« Previous entry | Home | Next entry »

Web stats are broken -- so you'd better have brass knuckles

Juggling statistics
Statistics on the Internet is like water for a flower. You need them for much of the Web to survive.

But independent third-party tracking of traffic to Web sites, and of user clicks on Web page links, is deeply flawed, developments this week at Google and elsewhere underscored. There doesn't seem to be any remedy in sight.

Web sites that rely on advertising -- including some the most poplar, such as Google, Yahoo, MySpace and YouTube -- get paid based on the amount of traffic to their site and the number click-throughs on their ads. Without accurate data, advertisers have no idea how much they should be paying.
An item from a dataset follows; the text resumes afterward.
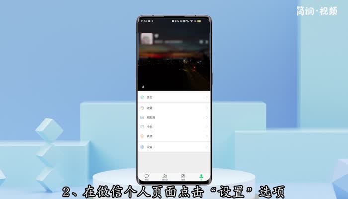 2.在微信个人页面点击“设置”选项,进入设置页面,在设置页面点击“聊天”选项;

The only reason the system isn't breaking down, and advertisers aren't pulling out, is because they have no choice but to play. They are taking informed guesses, based on the shoddy statistics available. And Google et al. are using every strategy they can find to deal with this problem.

We were reading TechCrunch's wobbly efforts to pinpoint whether traffic to bookmarking company Del.icio.us is climbing, flattening, or plunging. In the end, TechCrunch had to give up. One seeming reliable statistics vendor Comscore is trumped by another, Hitwise. (Update: Here's a good description of why many of these services are different.)

We're wondering what lesson young entrepreneurs will take from this.

Some, no doubt, will decide they should be pretty brazen about how they report statistics. There is only upside to fudging the stats slightly. And you won't get caught if no one can double check, right? And if the other guy is padding his traffic numbers, well, you'd better do it too.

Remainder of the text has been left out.